Initiatives are not only effective—they are popular. A 2017 Pew survey found that 67 percent of Americans support giving citizens the power to vote directly on laws.4 Support is especially high among voters who feel alienated from state legislatures, making initiatives both a democratic outlet and a tool for restoring civic trust.
These findings suggest that initiatives serve a deeper purpose than delivering individual policy wins: The process itself can be a structural corrective to legislative drift. Initiatives allow broadly held public preferences to reassert themselves, not only by passing new laws but by pressuring unresponsive lawmakers to pay attention to issues that matter to ordinary voters and by legitimizing citizen voice.
They also serve a vital function in democratic resilience and legitimacy. In recent years, initiatives have played a pivotal role in safeguarding rights in states where legislatures have moved in the opposite direction. Since the fall of Roe v. Wade, voters in states like Missouri, Michigan, Arizona, and Ohio used the initiative process to protect or expand abortion access—often defying the preferences of entrenched legislative majorities. These were not isolated cases but part of a broader pattern: Where other branches of government fail or falter, direct democracy can offer a constitutional release valve for public discontent.

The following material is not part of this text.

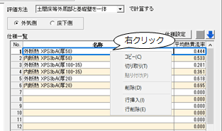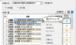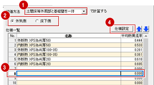 - 断熱の仕様を登録するグループ「外気側/床下側」を選択します。
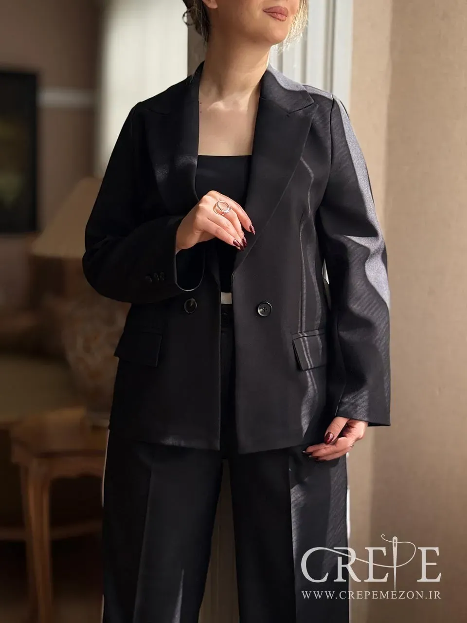 بلوز ساده : یک بلوز یا پیراهن ساده و کلاسیک (مثل سفید یا کرم) زیر کت بپوشید. این ترکیب به شما ظاهری رسمی و شیک میدهد.

“Where other branches of government fail or falter, direct democracy can offer a constitutional release valve for public discontent.”
Today, as authoritarianism distorts and dismantles core democratic norms, this release valve matters more than ever. By sharing power and allowing voters to set policy agendas and enact laws, initiatives help inoculate democratic systems against capture by both elites and demagogues. They offer a channel for political energy that illiberal movements might otherwise co-opt.
While imperfect, initiatives remain among the few tools available to ordinary citizens to recalibrate policy and check electoral and governance deficiencies in moments of institutional weakness or failure. For that reason alone, their expansion to every corner of the United States deserves serious attention from democracy defenders and reformers alike.
Citations
- “Public Trust in Government Near Historic Lows,” Pew Research Center, June 24, 2024, source.
- John G. Matsusaka, “Popular Control of Public Policy: A Quantitative Approach,” Quarterly Journal of Political Science 5 no. 2 (2010): 133–167; Mary Ellen Klas and Carolyn Silverman, “This Is Why You Don’t Recognize Your State Government,” Bloomberg, October 22, 2024, source; Maresa Strano, A Case for (Responsibly) Expanding Citizen-Led Policymaking in the United States (New America, 2025), source.
- Elisabeth R. Gerber, “Legislative Response to the Threat of Popular Initiatives,” American Journal of Political Science 40 no. 1 (1996): 99–128; John G. Matsusaka, “Fiscal Effects of the Voter Initiative: Evidence from the Last 30 Years,” Journal of Political Economy 103 no. 3 (1995): 587–623, source; John G. Matsusaka and Nolan M. McCarty, “Political Resource Allocation: Benefits and Costs of Voter Initiatives,” Journal of Law, Economics, and Organization 17 (October 2001): 413–448, source; Vladimir Kogan, “When Voters Pull the Trigger: Can Direct Democracy Restrain Legislative Excesses?,” Legislative Studies Quarterly 41 no. 2 (2016): 297–325, source.
- Richard Wike, Katie Simmons, Bruce Stokes, and Janell Fetterolf, “Globally, Broad Support for Representative and Direct Democracy,” Pew Research Center, October 16, 2017, source.